▶ **Instructions for the task**:
Print, word for word, the opening line of the data below and every line after it through the line that contains "スイートコーンとゴボウ入りの", but not the pictures.

▶ **Data block**:

•••••

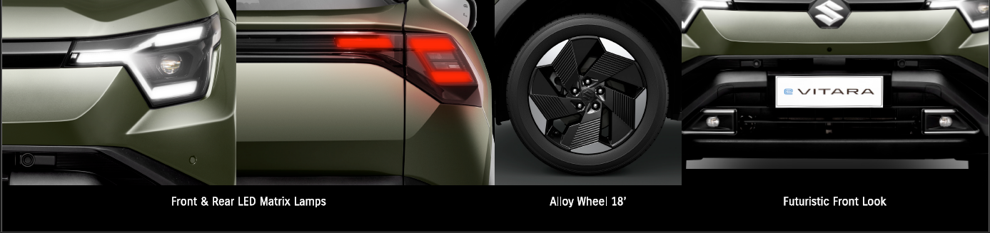 Tampilan eksterior e VITARA merepresentasikan konsep ‘Metal Beast’ dengan memadukan arsitektur polygonal untuk mengekspresikan kecanggihan sekaligus ketangguhan SUV kekinian.
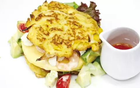 スイートコーンとゴボウ入りのかき揚げ風ハッシュドブラウンと、海老・アボカド・モッツァレラ・トマトをパンケーキでサンド。ディナータイムに、チリのオーガニックワインと一緒にいただく女性が急増中だとか。
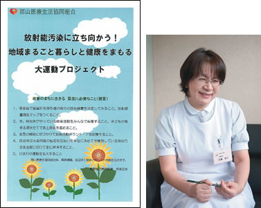 ‘민의련의 연대에 감사’한다는 사토 쇼코 간호부장. 왼쪽은 고리야마의료생협의 대운동 프로젝트 전단

•••••

▶ **Reply**:
 Tampilan eksterior e VITARA merepresentasikan konsep ‘Metal Beast’ dengan memadukan arsitektur polygonal untuk mengekspresikan kecanggihan sekaligus ketangguhan SUV kekinian.
 スイートコーンとゴボウ入りのかき揚げ風ハッシュドブラウンと、海老・アボカド・モッツァレラ・トマトをパンケーキでサンド。ディナータイムに、チリのオーガニックワインと一緒にいただく女性が急増中だとか。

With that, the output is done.